Over a supper of cold ham and cheese and beer they discussed Ransome's father's health and his mother's health, and Mrs. Usher's health, which was poor, and Mr. Usher's prospects, which were poorer, not to say bad. He leaned on this point and returned to it, as if it might have a possible bearing on the matter actually in hand, and with a certain disagreeable effect of craftiness and intention. It was as if he wished to rub it in that whatever else Randall forgot, he wasn't to forget that, that he had nothing to look to, nothing to hope for in his father-in-law's prospects; as if he, Mr. Usher, had arranged this meeting at the "Bald-Faced Stag" for the express purpose of making that clear, of forestalling all possible misunderstanding. He kept it before him, with the cheese and beer, on the brown oil-cloth of the table from which poor Randall found it increasingly difficult to lift his eyes.
It was almost a relief to him when Mr. Usher pushed his plate away with a groan of satiety, and began.

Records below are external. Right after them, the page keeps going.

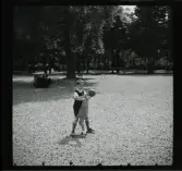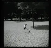 Flickor och pojkar spelar krocket ute på gården, sannolikt i Sverige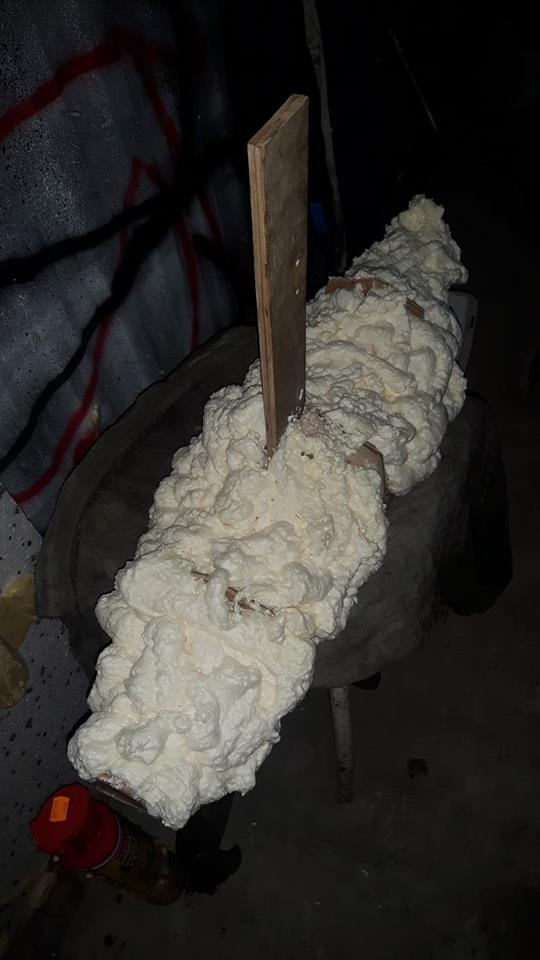 Wregi wycięte ze sklejki , górna część również. Długo zastanawialem się jak wykonac resztę. Zacząłem układać poszycie z listew balsy jednak postanowilem wszystko usunąć a wypełnić wszystko pianka. Klika tygodni dalej mam już wyszlifowana pianke . Dziś większe ubytki pianki postanowiłem wypełnić szpachlowka . Teraz najważniejsze pytanie .... co dalej . Myśle aby wszystko potraktować mata , zywica i na końcu wyszpachlowac .....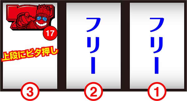 逆押しで中右リールをフリー打ちし、左リール上段に17番の赤7(上がチェリーの赤7)をビタ押しすればOK。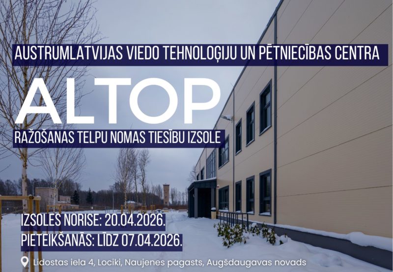 Izsludināta “ALTOP” industriālā parka jaunizbūvēto ražošanas telpu nomas izsole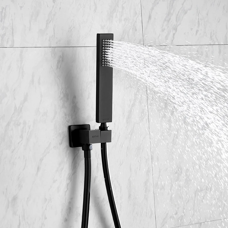 Product Name: MTTUZK Brass Matte Black Square Rain Shower Set 3 Function Shower Faucet Shower Arm Diverter Mixer Tap Handheld Spray Set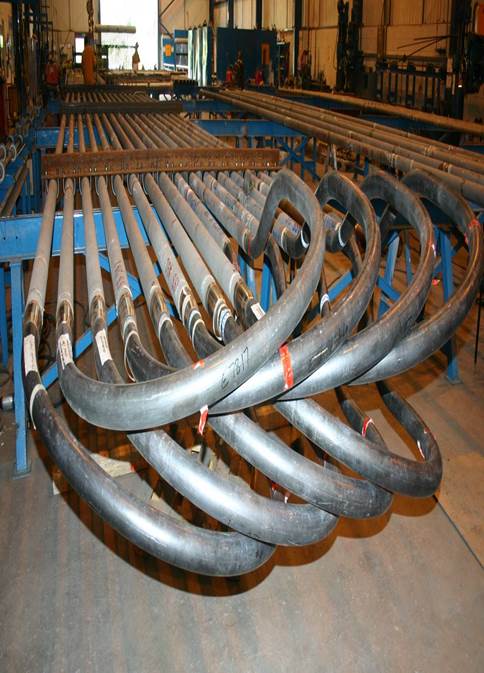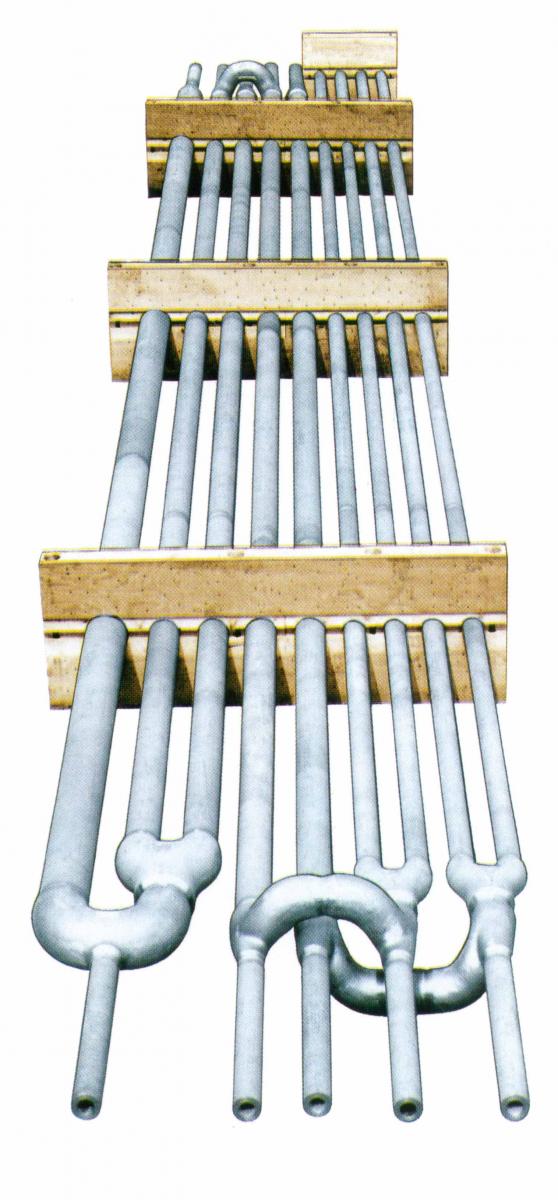 Coils for steam crackers contain straight or inductively bent centrifugally cast tubes and if necessary, cast fittings which are welded to form a unit. Individual pipe segments of 4-6 metres in length are bored and welded to a total length of 12-14 metres. The coils or smaller components are tested by us, delivered with all necessary certificates and finally welded/completed to a pressure vessel by the customer in the furnace. The components can be manufactured in all heat-resistant materials. Preferably, however, the micro-alloyed and proprietary materials of our Paralloy are used. The latest development generation is the aluminium-containing material Optim-AL, which, thanks to the formation of an inert aluminium oxide layer, offers exceptionally good protection against carburisation, less coking especially in gas crackers and a considerably longer service life overall. The requirements of the Pressure Equipment Directive or Health and Safety are met, as are extensive documentation of the required tests, certificates and individual expert opinions.
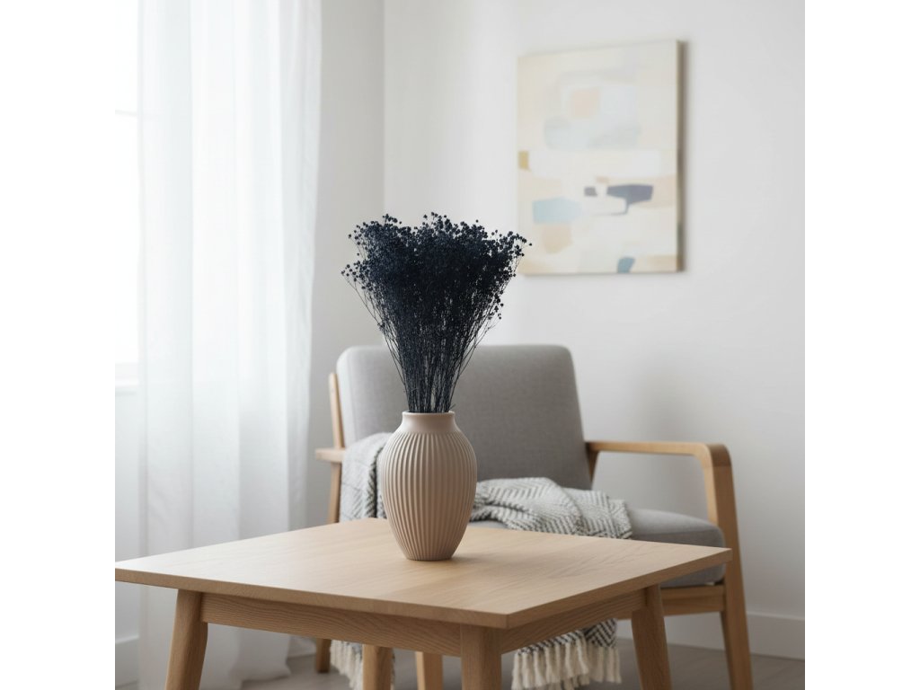 Tmavě modrý Broom Bloom je ideální pro tvorbu sušených kytic, věnců i interiérových dekorací, kde chcete dosáhnout elegantního a neotřelého vzhledu. Krásně vynikne v kombinaci se světlými odstíny pro kontrast nebo s dalšími tmavšími tóny pro luxusní, dramatický efekt.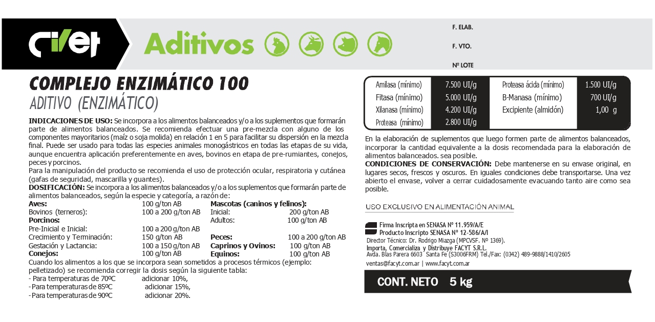 Puede ser usado para todas las especies animales monogástricos en todas las etapas de su vida, aunque encuentra aplicación preferentemente en aves, bovinos en etapa de pre-rumiantes, conejos, peces y porcinos.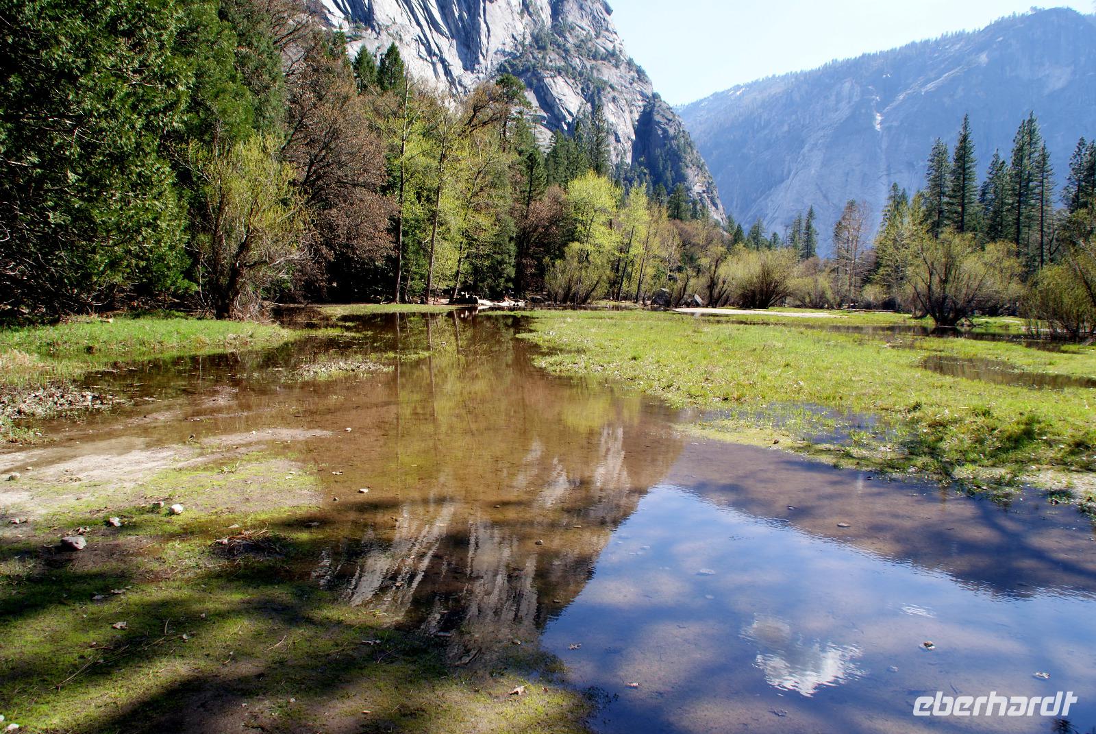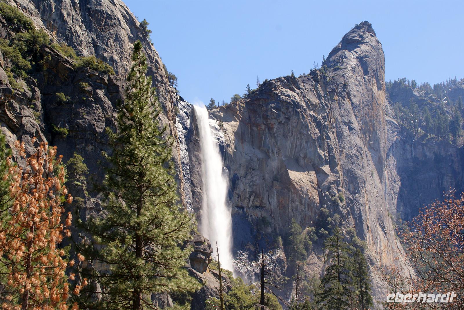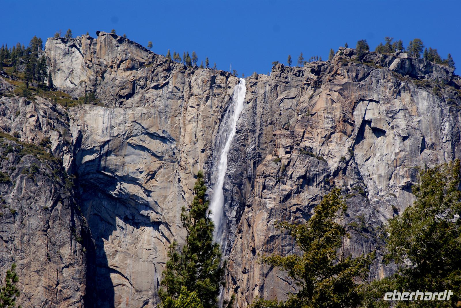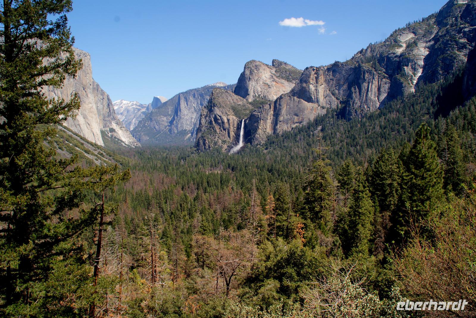 Nachdem wir heute Morgen „im eigenen Salon" gefrühstückt haben, verlassen wir Bakersfield und fahren wir wieder durch das San Joaquin Valley und Chris erläutert, warum die hier wachsenden Nüsse wie Macadamia, Pistazien, Mandeln eher hochpreisig sind. Beim Anbau der Nussbäume vergehen ca. 12 Jahre, ehe diese profitabel werden und man zum ersten Mal ernten kann und daraufhin können diese nur 12-15 Jahr genutzt werden. Im Vergleich dazu brauchen Orangenbäume gerade mal nur 3 Jahre und sie können 30-40 Jahre genutzt werden. Wir fahren vorbei an Fresno, welches für Landwirtschaft und Maschinenbau bekannt ist. In Oakhurst halten wir an einem großen Supermarkt und kaufen wir für unser heutiges von Eberhardt organisiertes Mittagspicknick ein. Im Anschluss fahren wir zum Nationalpark. Wir erfahren, dass Yosemite ursprünglich in der Indianersprache einen anderen Namen, nämlich Land der Bären hatte. Jedoch verstanden die damaligen französischen Pelzjäger im Jahre 1830 es falsch und machten daraus Yosemite. Es war Abraham Lincoln, der das Yosemite Gebiet (auf einen Antrag auf Naturgebiet von Mr. Stanford) zum ersten Nationalpark der Vereinigten Staaten erklären ließ. Noch in der heutigen Zeit tragen die Parkranger eine Uniform, die an die Kavalleriekleidung von 1902 erinnert. Unser Mittagspicknick nehmen wir am Wawona Fluss ein und Chris zeigt uns einen super idyllischen Picknickplatz. Es fehlt uns an nichts und wir speisen fürstlich bei Wein, Bier, Säften und köstlichen Speisen. Bis zu unserer heutigen Wanderung zum Spiegelsee legen wir noch etliche Fotostopps ein und sind erneut tief beeindruckt von der Schönheit des Yosemite Nationalparks. Unzählige Wasserfälle links und rechts unseres Weges, wie beispielsweise die Yosemite Falls mit 700 m Höhe führen unsere Fahrt schließlich zum Ausgangspunkt der Wanderung. Ein schöner Spaziergang durch die Natur bringt uns zum Mirror Lake, der leider sehr wenig Wasser führt. Zurück von unserer Wanderung stoßen wir mit den restlichen Getränken auf einen tollen Tag an und lassen den letzten Wasserfall auf uns wirken, bevor es zu unserer heutigen Unterkunft, der Cedar Lodge, geht. Mitten in der Natur des Nationalparks wohnt es sich besonders idyllisch und so lassen wir den Abend in der Bar beim Abendessen und kühlem Bier oder einfach vor unseren Zimmern auf den Terrassen ausklingen.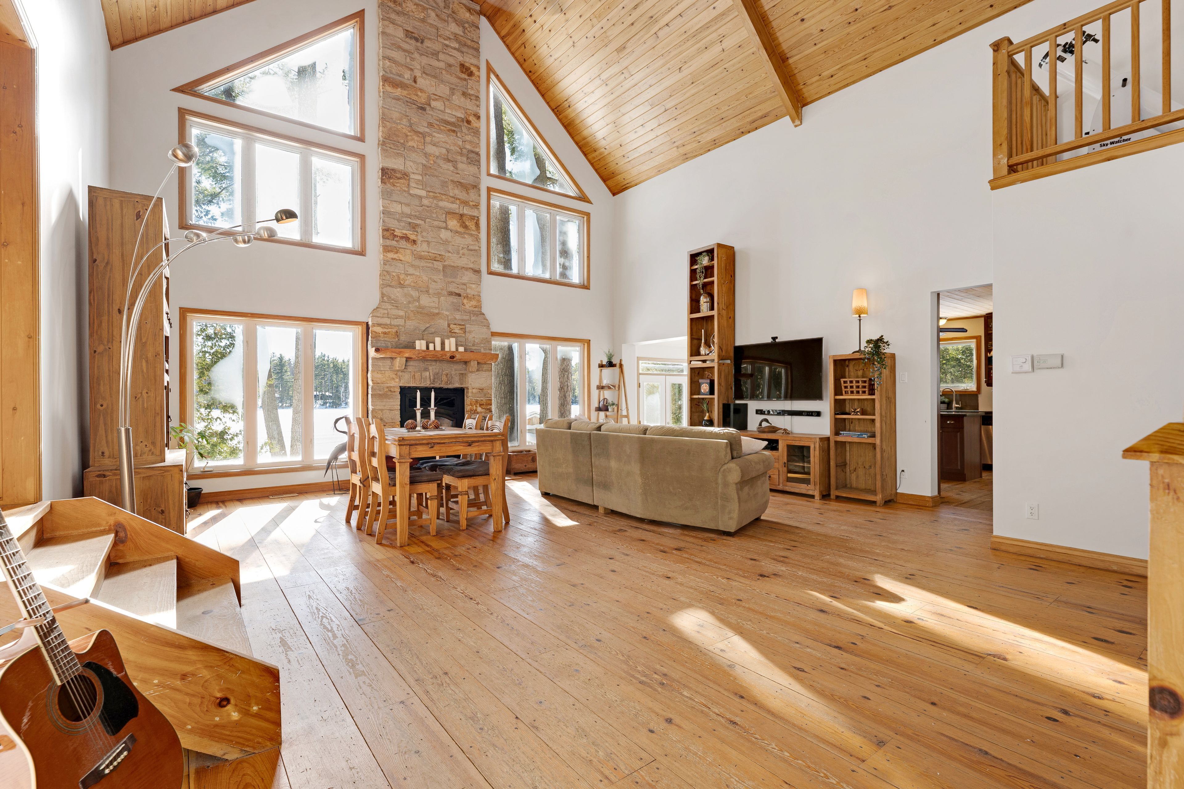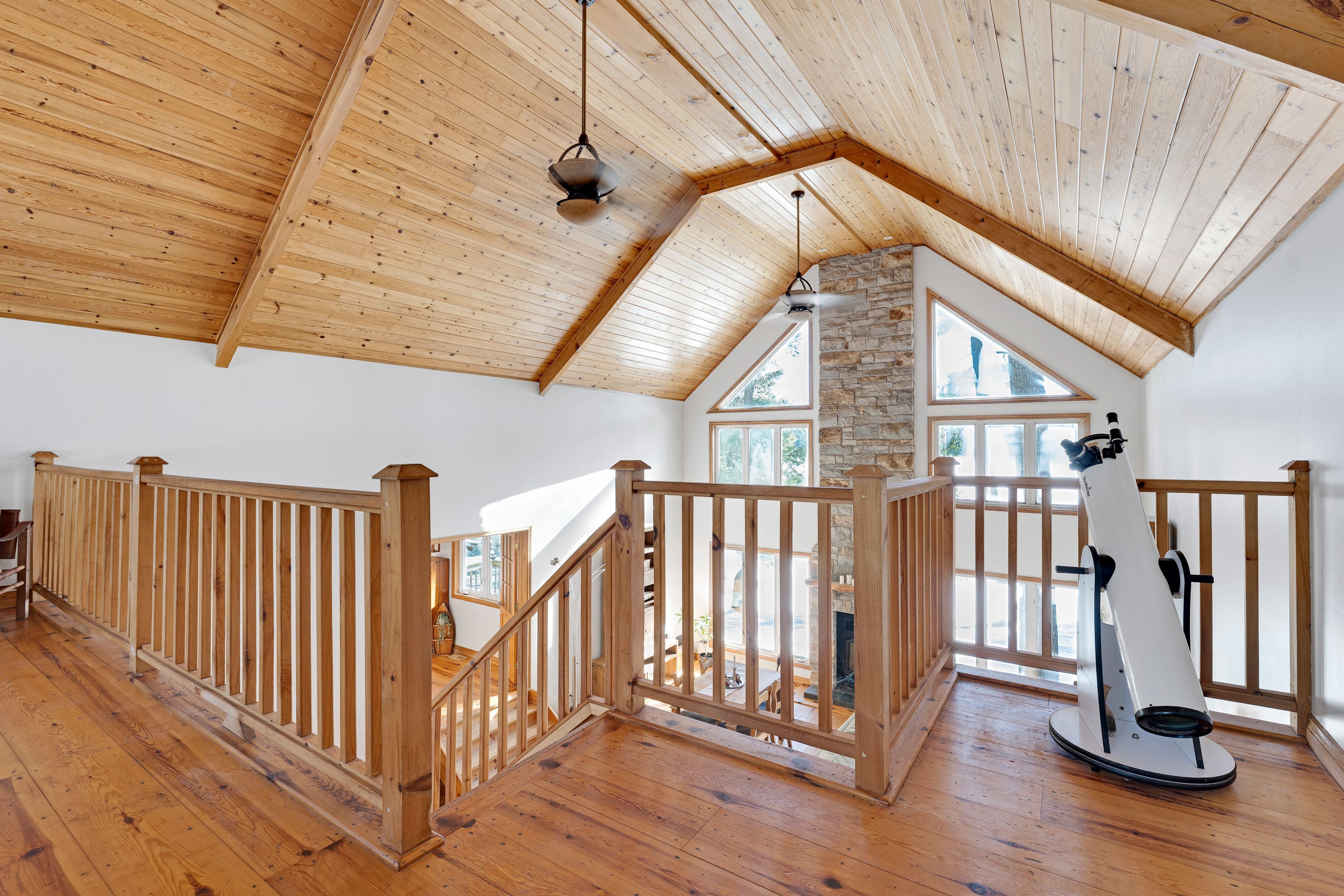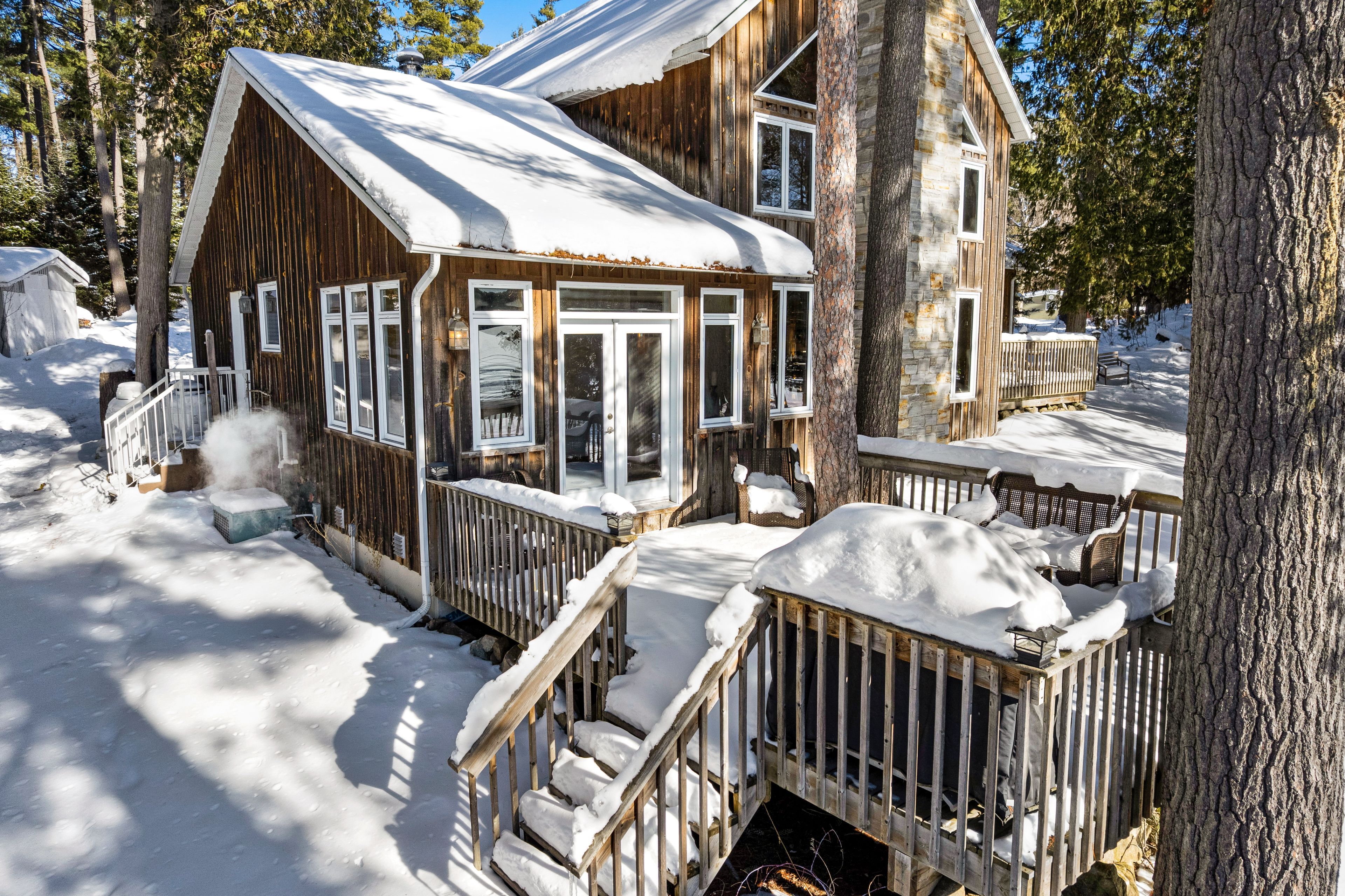 In a quiet bay on white lake, sunny and spacious home with warm wood tones that blend beautifully into the natural surroundings. Ideally sited, this home offers full lake views. Your boat is also well taken care of, with a boathouse and marine rail for proper winter storage. The home's front foyer welcomes you with easy-care ceramic floor and convenient closet. From here, step into the great room with big light-filled spaces opening up to the soaring 22' high cathedral ceiling. Lovely hand-chiseled stone fireplace adds charming character and includes woodstove insert. Pine plank and ceramic flooring flow thru the home. In the sunroom, relax while soaking in views of the continuous beauty of each season. Warmly inviting kitchen features granite countertops, granite island and attractive tongue & groove pine ceiling. Primary suite vaulted ceiling and garden doors to your own deck; the ensuite has two-sink quartz vanity and glass shower. Primary suite also has sitting nook with woodstove, for a cozy retreat. Comfortable second bedroom and four-piece bathroom. Main floor laundry room with window. The second floor has large loft for flex space - with amazing panoramic lake views. Large deck perfect for lounging and watching the sun and then the moon cross over the lake. Oversized detached single garage has workbench, two 240 v outlets, concrete floor and overhead electrical heater. New septic installed 2014; septic inspected in 2024. The boathouse has hydro, ramp plus electronic winch to help put the boat in and out of the lake. The boathouse, garage and home all have metal roofs. Boat launch and huge storage shed with three doors. Easy, level access to 245' of clear, sandy and rocky waterfront. Approx 8' deep off end of dock. Great swimming, boating and fishing. In winter enjoy cross-country skiing, snowshoeing and ice fishing on the lake. Hi-speed and cell service. 25 mins to arnprior for shopping or 25 mins to pakenham ski hill and golf course. 45 mins to kanata.

"Well, what's all this I hear about Virelet?"
Randall intimated that he had heard all there was.
"Yes, but what's the meaning of it? That's what I want to know."
Randall put it that its meaning was that it had simply happened, and suggested that his father-in-law was in every bit as good a position for understanding it as he.
"I dare say. But what I'm trying to get at is—did you do anything to make it happen?"
"What on earth do you suppose I did?"
"There might be faults on both sides, though I don't say as there were. But did you do anything to prevent it? Tell me that."
"What could I do? I didn't know it was going to happen."